Create the serving function using the class you just defined

serving_fn = project.set_function(
    func="model-serving.py",
    name="llm-server",
    kind="serving",
    image="gcr.io/iguazio/llm-serving-base:1.0",
    requirements=[
        "mlrun==" + mlrun.__version__,
        "transformers",
        "adapters",
        "openai",
        "protobuf==3.20.3",
    ],
)

# Set readiness timeout to 20 minutes, deploy might take a while.
serving_fn.spec.readiness_timeout = 1200

# Attach fuse mount to the function
serving_fn.apply(mlrun.auto_mount())

serving_fn.with_limits(gpus=1)

Deploy the model, enable tracking, and deploy the function#

This tutorial uses the gpt2 model by Google.

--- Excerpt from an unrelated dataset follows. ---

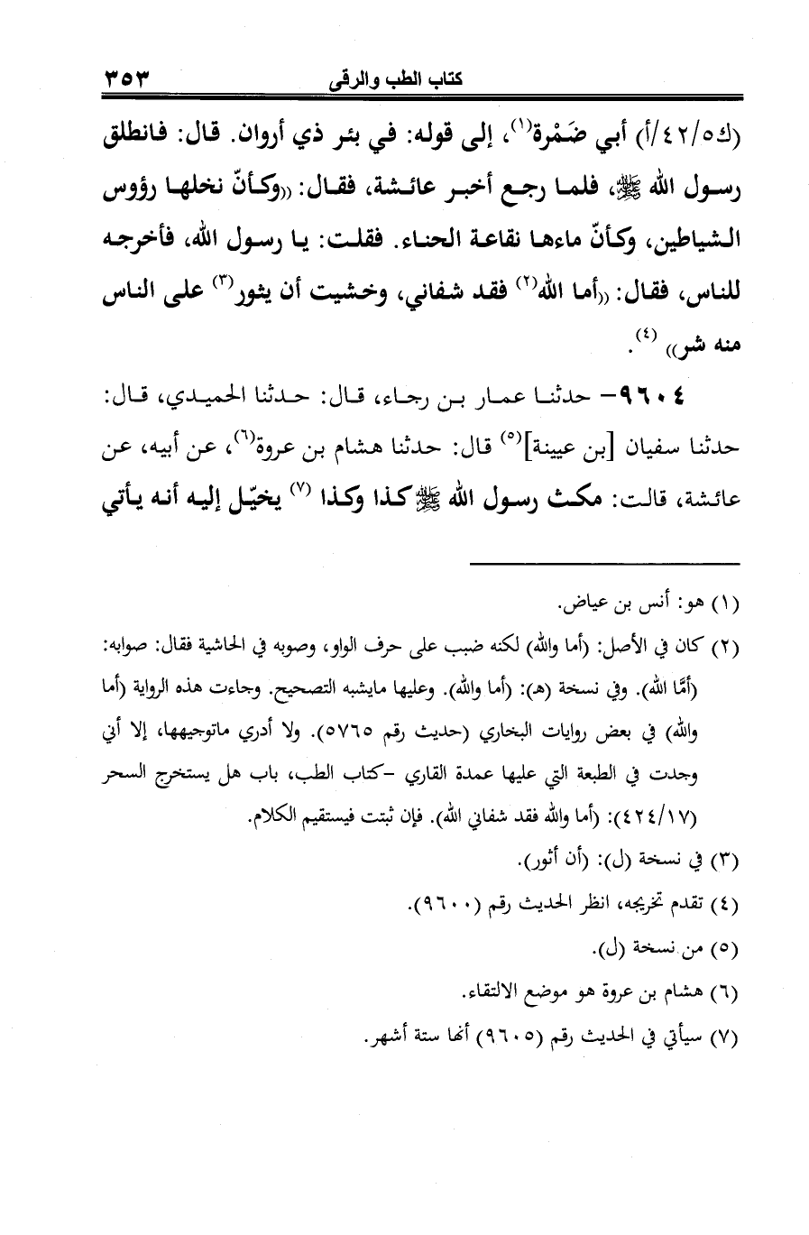 9604 - حدثنا عمار بن رجاء، قال: حدثنا الحميدي، قال: حدثنا سفيان [بن عيينة] (¬1) قال: حدثنا هشام بن عروة (¬2)، عن أبيه، عن عائشة، قالت: مكث رسول الله -صلى الله عليه وسلم- كذا وكذا (¬3) يخيّل إليه أنه يأتي

Log the model to the project

base_model = "gpt2"
project.log_model(
    base_model,
    model_file="src/model-iris.pkl",
    inputs=[Feature(value_type="str", name="question")],
    outputs=[Feature(value_type="str", name="answer")],
)
<mlrun.artifacts.model.ModelArtifact at 0x7f97892bd4c0>

Adding the model parameters to the endpoint. This allow the model server class to initialize.

serving_fn.add_model(
    "gpt2",
    class_name="LLMModelServer",
    model_path=f"store://models/{project.name}/gpt2:latest",
    model_name="gpt2",
)
<mlrun.serving.states.TaskStep at 0x7f97892bdc10>

Enable tracking for the function, then deploy it.

serving_fn.set_tracking()
deployment = serving_fn.deploy()
> 2024-12-15 09:01:57,479 [info] Starting remote function deploy
2024-12-15 09:01:57  (info) Deploying function
2024-12-15 09:01:57  (info) Building
2024-12-15 09:01:58  (info) Staging files and preparing base images
2024-12-15 09:01:58  (warn) Using user provided base image, runtime interpreter version is provided by the base image
2024-12-15 09:01:58  (info) Building processor image
2024-12-15 09:09:33  (info) Build complete
2024-12-15 09:10:35  (info) Function deploy complete
> 2024-12-15 09:10:41,055 [info] Successfully deployed function: {"external_invocation_urls":["llm-monitoring-intro-llm-server.default-tenant.app.llm-3-6-0.iguazio-cd1.com/"],"internal_invocation_urls":["nuclio-llm-monitoring-intro-llm-server.default-tenant.svc.cluster.local:8080"]}

Let's generate traffic against the model:

import time


def question_model(questions, serving_function, base_model):
    for question in questions:
        seconds = 0.5
        # Invoking the pretrained model:
        ret = serving_fn.invoke(
            path=f"/v2/models/{base_model}/infer",
            body={"inputs": [question]},
        )
        print(ret)
        time.sleep(seconds)
example_questions = [
    "What is a mortgage?",
    "How does a credit card work?",
    "Who painted the Mona Lisa?",
    "Please plan me a 4-days trip to north Italy",
    "Write me a song",
    "How much people are there in the world?",
    "What is climate change?",
    "How does the stock market work?",
    "Who wrote 'To Kill a Mockingbird'?",
    "Please plan me a 3-day trip to Paris",
    "Write me a poem about the ocean",
    "How many continents are there in the world?",
    "What is artificial intelligence?",
    "How does a hybrid car work?",
    "Who invented the telephone?",
    "Please plan me a week-long trip to New Zealand",
]
question_model(
    questions=example_questions,
    serving_function=serving_fn,
    base_model=base_model,
)

Now the traffic to the function is analyzed and the performance is calculated.